> [PROBLEM DESCRIPTION]:
Please repeat exactly the lines below from the line with "Treadmill, Weight bench, Indoor" to the line with "Enjoy multiple music", including both, and leave out every picture.

> [GIVEN DATA]:
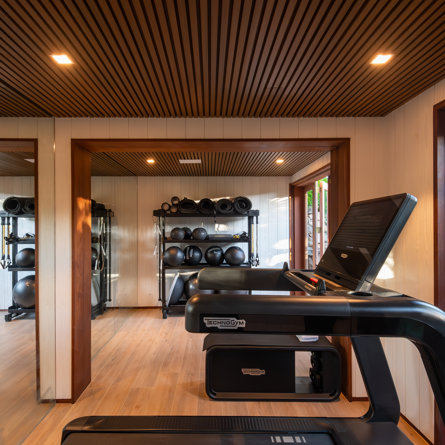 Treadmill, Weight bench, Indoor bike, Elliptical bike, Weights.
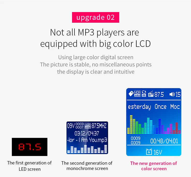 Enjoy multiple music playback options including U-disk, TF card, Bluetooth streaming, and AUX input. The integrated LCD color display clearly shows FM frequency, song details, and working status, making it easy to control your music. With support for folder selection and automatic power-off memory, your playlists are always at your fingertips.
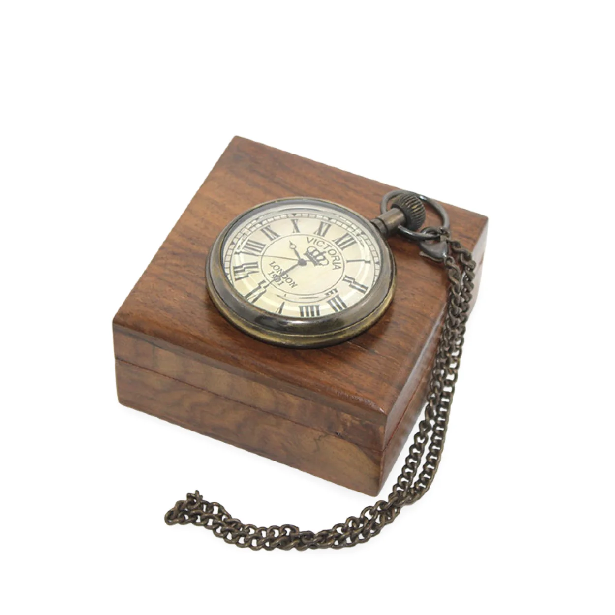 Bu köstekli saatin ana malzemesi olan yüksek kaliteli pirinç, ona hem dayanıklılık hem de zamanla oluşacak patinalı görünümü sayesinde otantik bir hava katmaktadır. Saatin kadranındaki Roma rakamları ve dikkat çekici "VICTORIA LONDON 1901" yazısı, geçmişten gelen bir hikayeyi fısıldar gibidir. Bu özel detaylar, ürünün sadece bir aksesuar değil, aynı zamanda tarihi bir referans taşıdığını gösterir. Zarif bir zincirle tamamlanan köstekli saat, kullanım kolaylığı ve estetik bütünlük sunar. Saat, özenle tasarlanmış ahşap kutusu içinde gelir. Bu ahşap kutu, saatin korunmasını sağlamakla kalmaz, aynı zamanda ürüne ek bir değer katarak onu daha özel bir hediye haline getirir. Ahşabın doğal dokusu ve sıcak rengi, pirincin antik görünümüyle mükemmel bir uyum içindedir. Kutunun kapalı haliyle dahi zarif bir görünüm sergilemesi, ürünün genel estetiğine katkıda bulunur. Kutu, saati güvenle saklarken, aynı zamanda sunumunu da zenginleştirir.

---

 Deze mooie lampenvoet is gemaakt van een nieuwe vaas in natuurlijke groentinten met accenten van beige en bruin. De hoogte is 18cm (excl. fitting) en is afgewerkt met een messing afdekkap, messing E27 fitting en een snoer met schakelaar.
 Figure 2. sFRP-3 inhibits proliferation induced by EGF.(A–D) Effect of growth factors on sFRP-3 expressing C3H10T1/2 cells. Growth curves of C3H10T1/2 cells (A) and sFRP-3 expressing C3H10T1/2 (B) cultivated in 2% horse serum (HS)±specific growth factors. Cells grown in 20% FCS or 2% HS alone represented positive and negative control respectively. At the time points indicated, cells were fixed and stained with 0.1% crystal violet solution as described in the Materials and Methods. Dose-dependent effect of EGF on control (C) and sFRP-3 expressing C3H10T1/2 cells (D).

==

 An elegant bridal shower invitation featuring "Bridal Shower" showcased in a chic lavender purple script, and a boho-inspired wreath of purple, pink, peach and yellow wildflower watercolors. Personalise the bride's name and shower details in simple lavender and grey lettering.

> [ANSWER SECTION]:
 Treadmill, Weight bench, Indoor bike, Elliptical bike, Weights.
 Enjoy multiple music playback options including U-disk, TF card, Bluetooth streaming, and AUX input. The integrated LCD color display clearly shows FM frequency, song details, and working status, making it easy to control your music. With support for folder selection and automatic power-off memory, your playlists are always at your fingertips.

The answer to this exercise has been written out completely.